▶
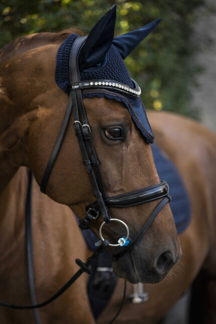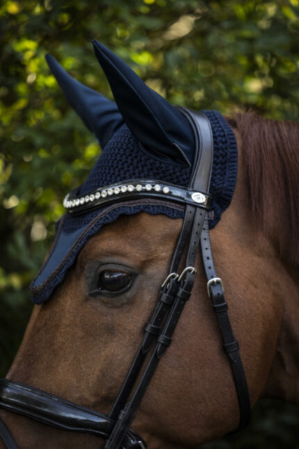 This bonnet is crocheted, which allows for optimal ventilation, and features neoprene ears. Neoprene has a noise-muffling effect, making the bonnet especially suitable for young and nervous horses. The ear bonnet is decorated with shiny studs.
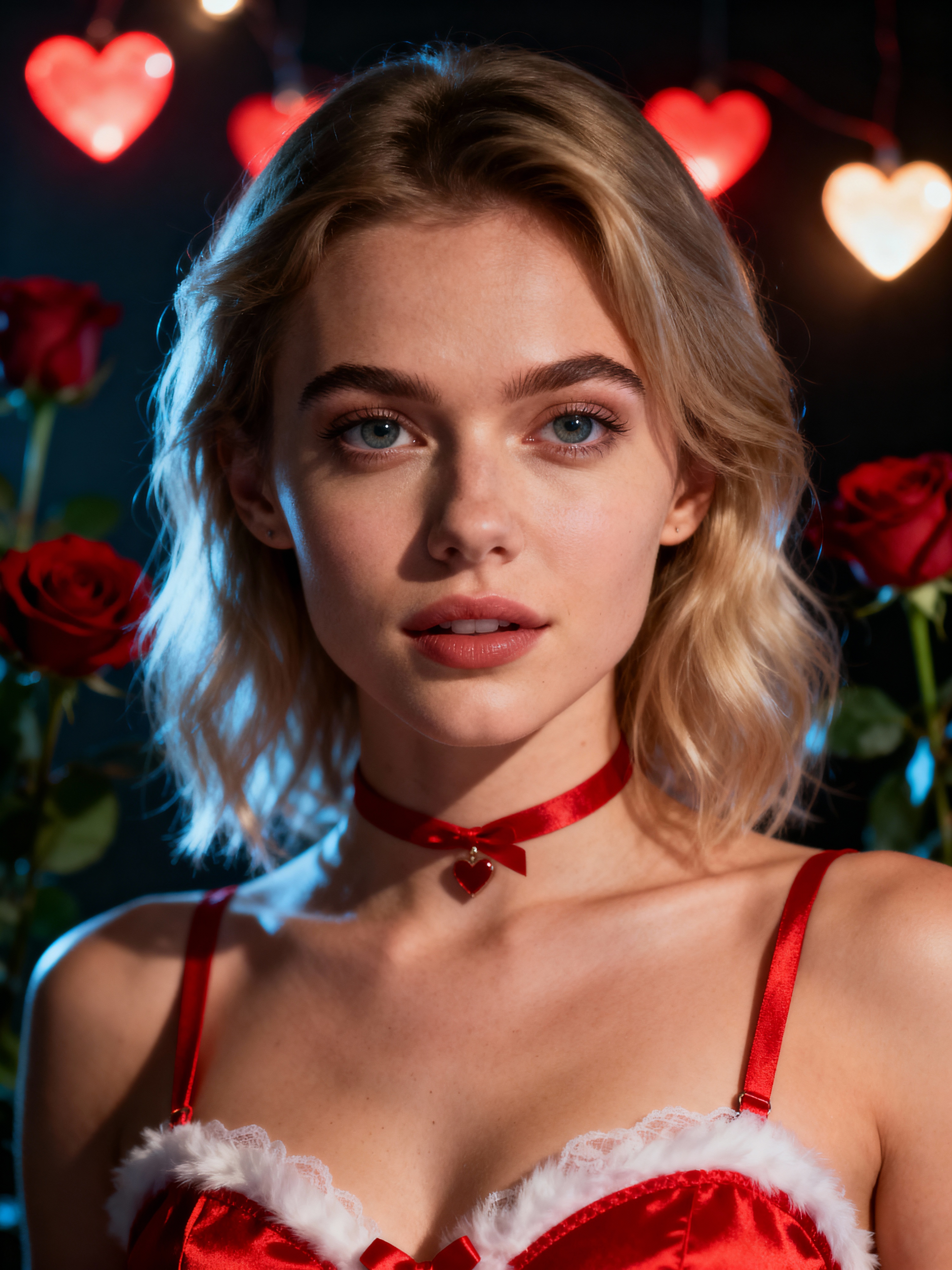 model wearing (naughty Valentine) (sexy Valentine\'s costume) festive outfit posing for a photo, background includes roses and heart-shaped lights
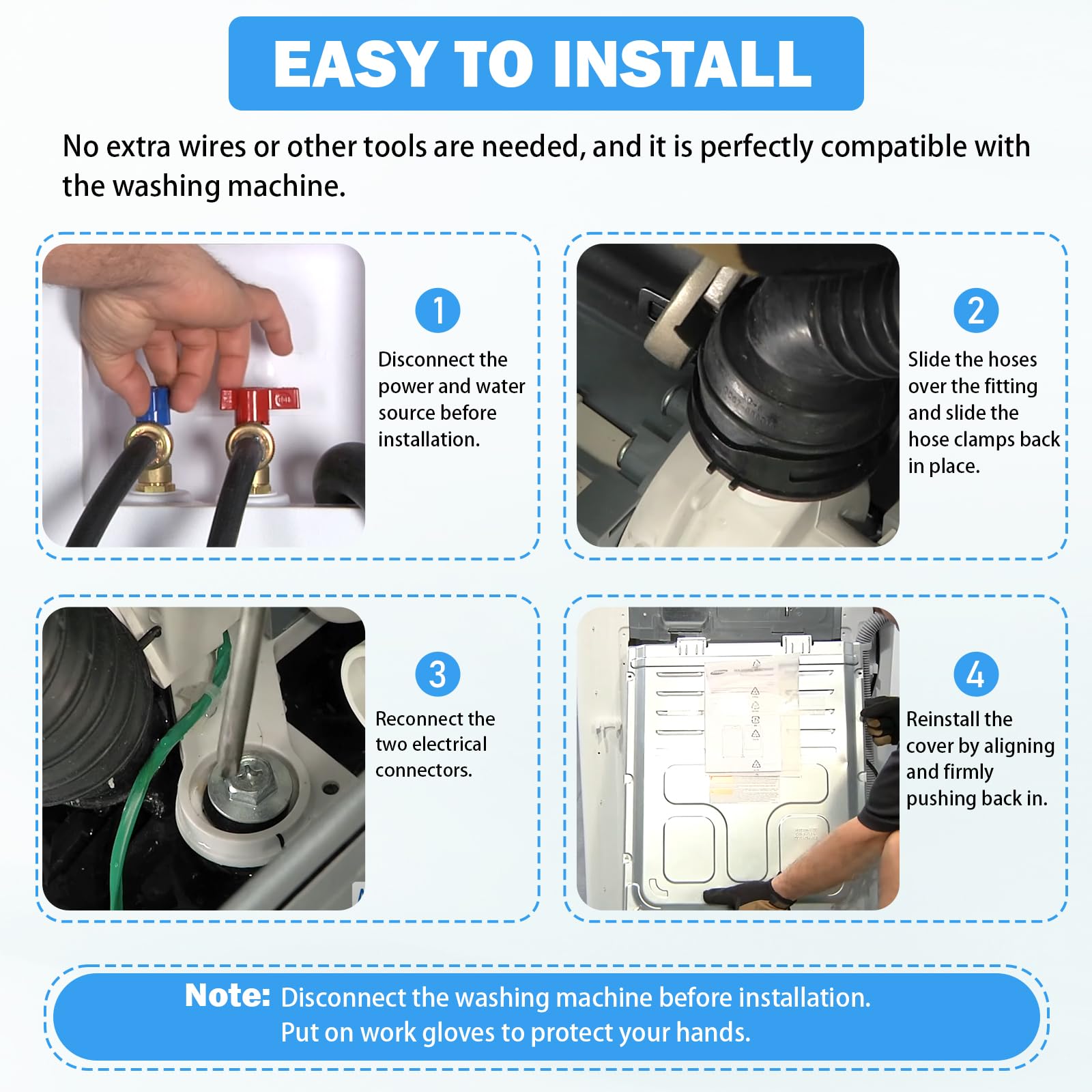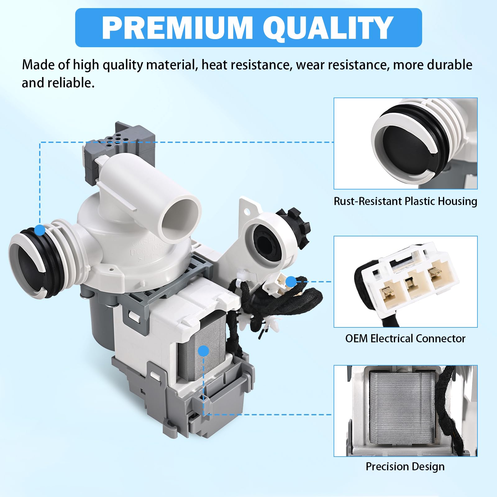 [DURABLE CONSTRUCTION & EASY DIY] Crafted from premium reinforced plastic and high-torque motor components, this pump meets or exceeds OEM standards. The plug-and-play design allows for a straightforward DIY installation—save hundreds of dollars on professional repair fees. Get your laundry routine back on track in less than 30 minutes with basic tools.
◀
## ACTIVITY
Starting at the first line of the material above and ending with the line that contains "model wearing (naughty", reproduce every line exactly, and leave out the pictures.

## EXERCISE ANSWER
 This bonnet is crocheted, which allows for optimal ventilation, and features neoprene ears. Neoprene has a noise-muffling effect, making the bonnet especially suitable for young and nervous horses. The ear bonnet is decorated with shiny studs.
 model wearing (naughty Valentine) (sexy Valentine\'s costume) festive outfit posing for a photo, background includes roses and heart-shaped lights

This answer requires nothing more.